Calculation of Filing Fee

 

Transaction Valuation*

 

Amount of Filing Fee*

$83,731

 

$3.30

 

*  Estimated solely for purposes of calculating the amount of the filing fee. The calculation of the transaction valuation assumes that all options to purchase the issuer’s Common Stock that are eligible for exchange (the “Eligible Options”) will be exchanged for new options and cancelled pursuant to this offer.

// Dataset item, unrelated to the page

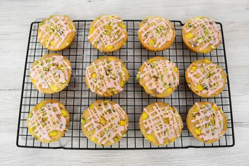 - In der Zwischenzeit für das abschließende Topping den Puderzucker mit etwas Aperol zu einem glatten Zuckerguss verrühren. Zu beachten ist die Farbe 😊. Sind die köstlichen Muffins ausgekühlt, diese auf ein Gitter stellen und mit dem pinken Zuckerguss nach Gusto dekorieren. Nach Belieben kannst du sie mit fein gehackten Pistazien bestreuen.50 g Puderzucker, 1-2 EL Aperol
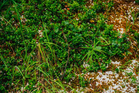 White cold ice crystals on the ground among green leaves after a thunderstorm with hail, copy space.

The Eligible Options have a value of $83,731 calculated based on the book value of the options computed as of the latest practicable date prior to the date of this filing according to the binomial option pricing model.  The filing fee, calculated in accordance with Rule 0-11, as amended by Fee Rate Advisory No. 6, equals $39.30 per $1,000,000 of the value of the transaction.

 

x  Check the box if any part of the fee is offset as provided by Rule 0-11(a)(2) and identify the filing with which the offsetting fee was previously paid.  Identify the previous filing by registration statement number, or the Form or Schedule and the date of its filing.

 

Amount Previously Paid:

$3.30

 

 

Form or Registration No.:

SC TO-I

 

Filing Party:

Retractable Technologies, Inc.

 

Date Filed:

October 17, 2008

 

o  Check the box if the filing relates solely to preliminary communications made before the commencement of a tender offer.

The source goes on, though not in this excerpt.